In the entries below, find the line containing "Sondalo (61-48) 14.10.18" and the line containing "除了提供背景故事,部分特定的". Copy those two lines and everything between them exactly, without the pictures.
Records to process below:
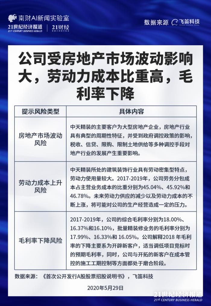 中天精装的主要客户为大型房地产企业,公司提示“如果未来房地产行业景气度持续下行,则可能导致房地产开发企业减少或放缓投资进度、进一步控制成本,从而导致本
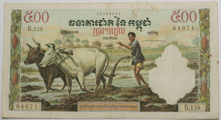 Купюра 500 риэлей Камбоджа 1958-1972 Сельское хозяйство
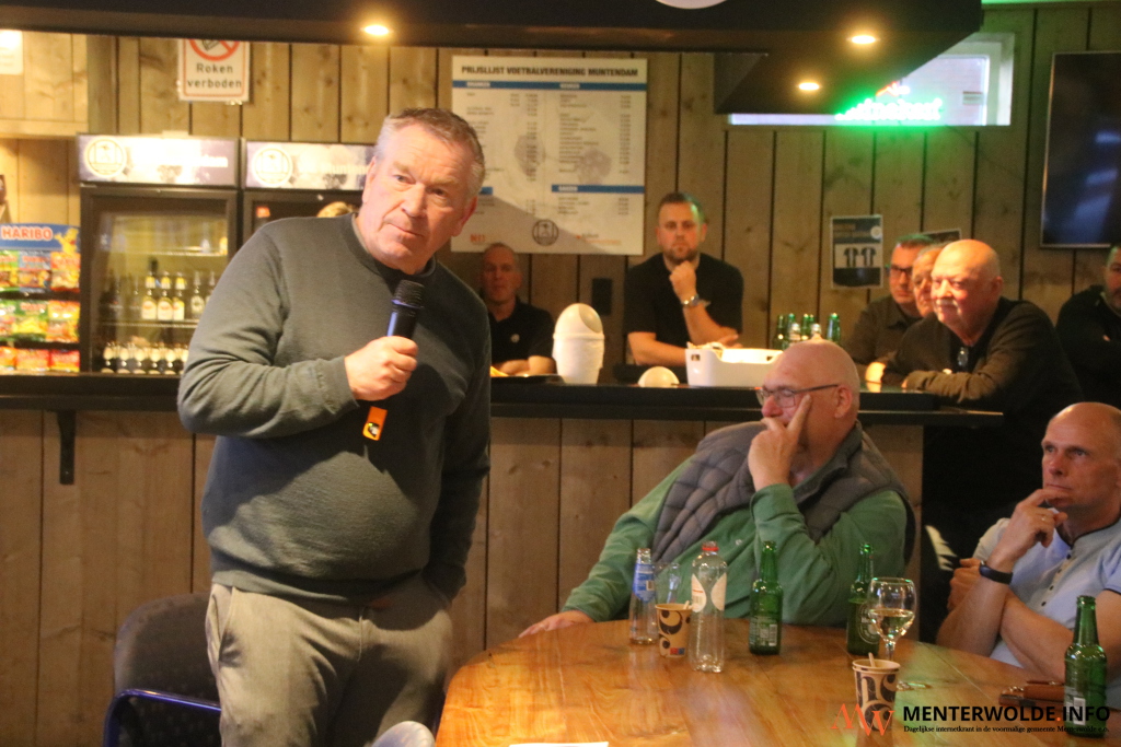 Met een lezing van oud-directeur FC Groningen Hans Nijland heeft v.v. Muntendam gisteravond haar activiteiten in het kader van het 100-jarig bestaan afgetrapt. De kantine was met zo'n 60 toehoorders goed gevuld. En smulden van de ene na de andere anekdote van Nijland. Een aantal van deze verhalen staat ook in het in 2021 uitgebrachte boek 'Hans Nijland, boerenbluf op de transfermarkt'.
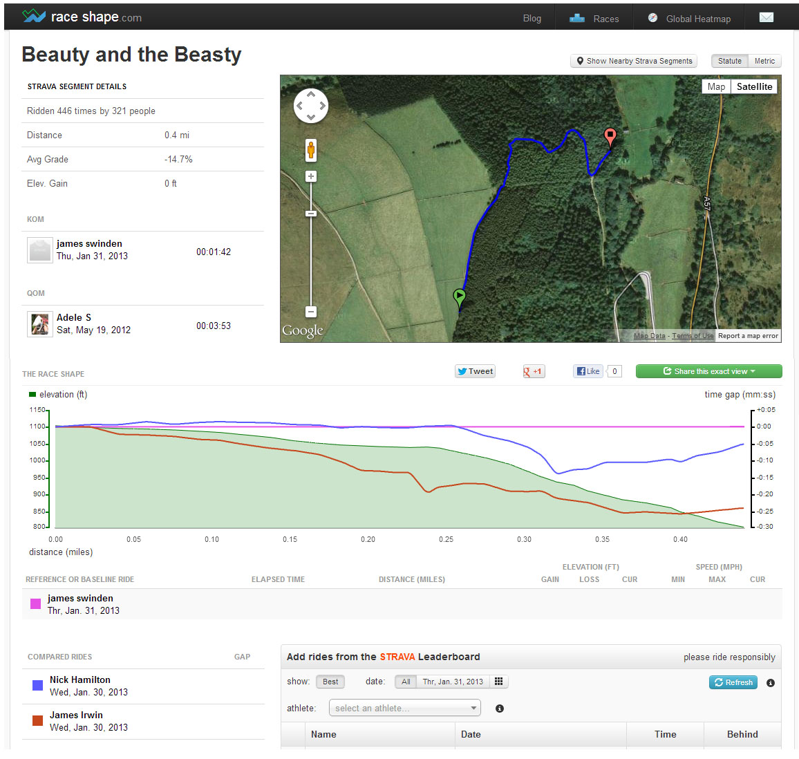 When I get beaten by someone on a Smashing Segment I like to know where they made up the time on me; RaceShape is a tool that lets you do just that. It compares the GPS data for particular segments producing a graph of time difference and an overlay on a map to see where the differences were made. The example below shows where Swinny made up 5 seconds on me on the last smashing segment. Fascinating and disheartening in equal measures.
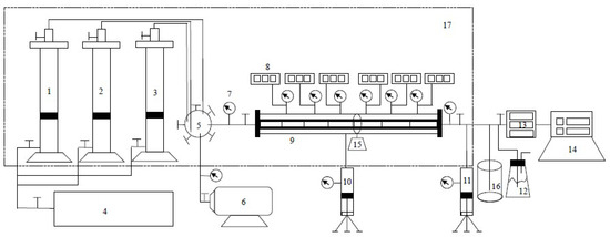Schematic diagram of the experimental setup (1. Intermediate container (high purity CH4), 2. Intermediate container (simulated water), 3. Intermediate container (high purity CO2), 4. Pump, 5. Sluice with five gates, 6. Vacuum pump, 7. Pressure gage, 8. Electronic pressure gauge, 9. The long-core, 10. Confining pressure pump, 11. Back pressure pump, 12. Conical flask, 13. Electronic pressure gauge, 14. Chromatographic analyzer, 15. Angle regulator of core, 16. Beaker, 17. Thermostat box).
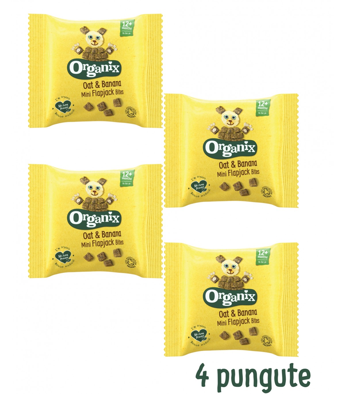 Le poți lua cu tine oriunde și oricând Cantitate netă: 80g℮ (4 punguțe x 20g)
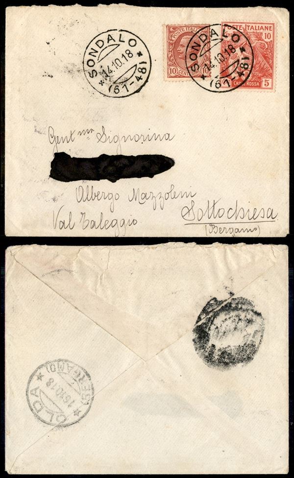 Sondalo (61-48) 14.10.18 - 10 cent Leoni (82) + 10 cent Croce Rossa (102) - su busta per Bergamo - indirizzo cancellato
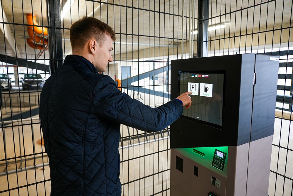 Entringo-järjestelmään on integroitu myös pysäköintitalon sähköauton latauspisteet, ja lataamisesta voi maksaa samassa maksuautomaatissa.
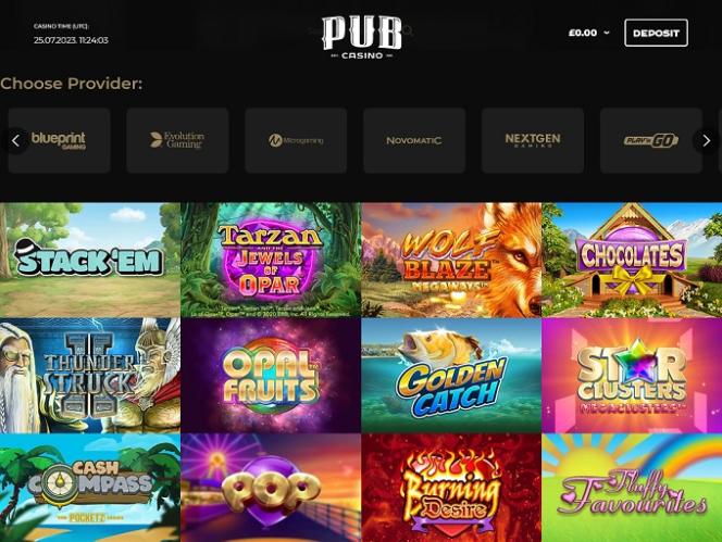 Nesta seção de análises, examinaremos os tipos de provedores de software e jogos que você pode esperar encontrar no PUB Casino. Para nossa grata surpresa, há uma vasta seleção de entretenimento de jogos de azar para você escolher. Definitivamente, há algo para todos os gostos, independentemente do tipo de jogador que você seja.
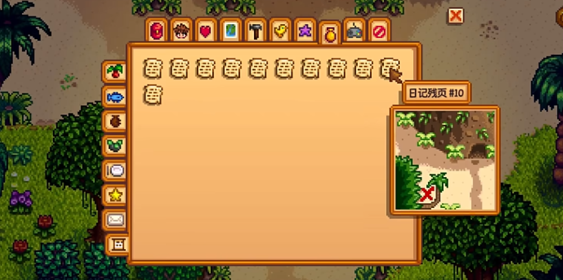 除了提供背景故事,部分特定的日记残页直接关联着游戏内重要的隐藏宝藏,这是其最具实用价值的方面。第4页、第6页和第10页这三张残页各自明确记录了一个藏宝地点,分别指向贝啼小屋北边、岛屿农场区域以及火山入口外的特定土堆。玩家只有在获取并阅读了对应的残页后,前往这些指定地点使用锄头挖掘,才能成功获得金核桃、鸵鸟蛋或珍珠等珍贵奖励;若未先获得残页,即使找到正确位置也无法挖出任何物品。
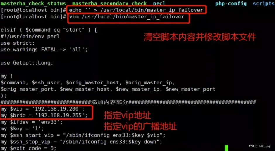 - ##(2)复制上述的自动切换时 VIP 的管理脚本到 /usr/local/bin 目录,这里使用master_ip_failover脚本来管理 VIP 和故障切换
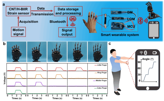 所制备的导电弹性体基应变传感器表现出卓越的传感性能,包括低电滞后(2.3%)、超低检测限(0.1%)、宽线性工作范围(690%)和优异的耐久性(>10,000次循环)。该应变传感器适用于各种人体生理和运动监测。将其集成到智能可穿戴系统中,可实现人机交互和人体手指弯曲角度的测量。此外,离子交联网络的引入赋予传感器优异的抗菌性能。总体而言,该研究为高性能传感器的设计与制备提供了有利方法,开发的传感器在可穿戴电子设备领域具有广阔的应用潜力。
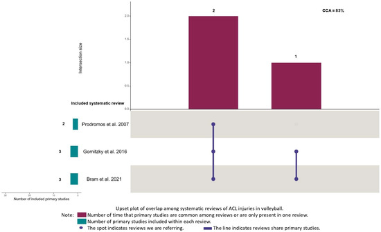 Upset plot of overlap among systematic reviews of ACL injuries in volleyball [9,11,13].
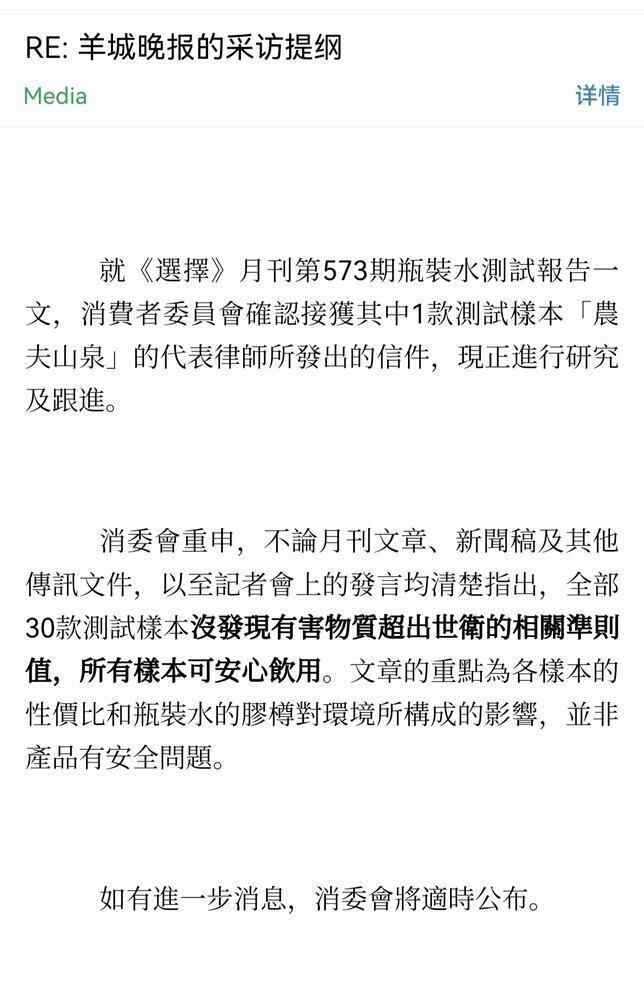 当天,香港消委会回复羊城晚报记者,该委员会确认收到农夫山泉的律师函,正进行研究及跟进,并重申,不论月刊文章、新闻稿及其他传讯文件,以及记者会上的发言均清楚指出,全部30款测试样本没发现有害物质超出世卫的相关准则值,所有样本可安心饮用。
End of Records to process.
▸ **Solution to the exercise**
 Sondalo (61-48) 14.10.18 - 10 cent Leoni (82) + 10 cent Croce Rossa (102) - su busta per Bergamo - indirizzo cancellato
 Entringo-järjestelmään on integroitu myös pysäköintitalon sähköauton latauspisteet, ja lataamisesta voi maksaa samassa maksuautomaatissa.
 Nesta seção de análises, examinaremos os tipos de provedores de software e jogos que você pode esperar encontrar no PUB Casino. Para nossa grata surpresa, há uma vasta seleção de entretenimento de jogos de azar para você escolher. Definitivamente, há algo para todos os gostos, independentemente do tipo de jogador que você seja.
 除了提供背景故事,部分特定的日记残页直接关联着游戏内重要的隐藏宝藏,这是其最具实用价值的方面。第4页、第6页和第10页这三张残页各自明确记录了一个藏宝地点,分别指向贝啼小屋北边、岛屿农场区域以及火山入口外的特定土堆。玩家只有在获取并阅读了对应的残页后,前往这些指定地点使用锄头挖掘,才能成功获得金核桃、鸵鸟蛋或珍珠等珍贵奖励;若未先获得残页,即使找到正确位置也无法挖出任何物品。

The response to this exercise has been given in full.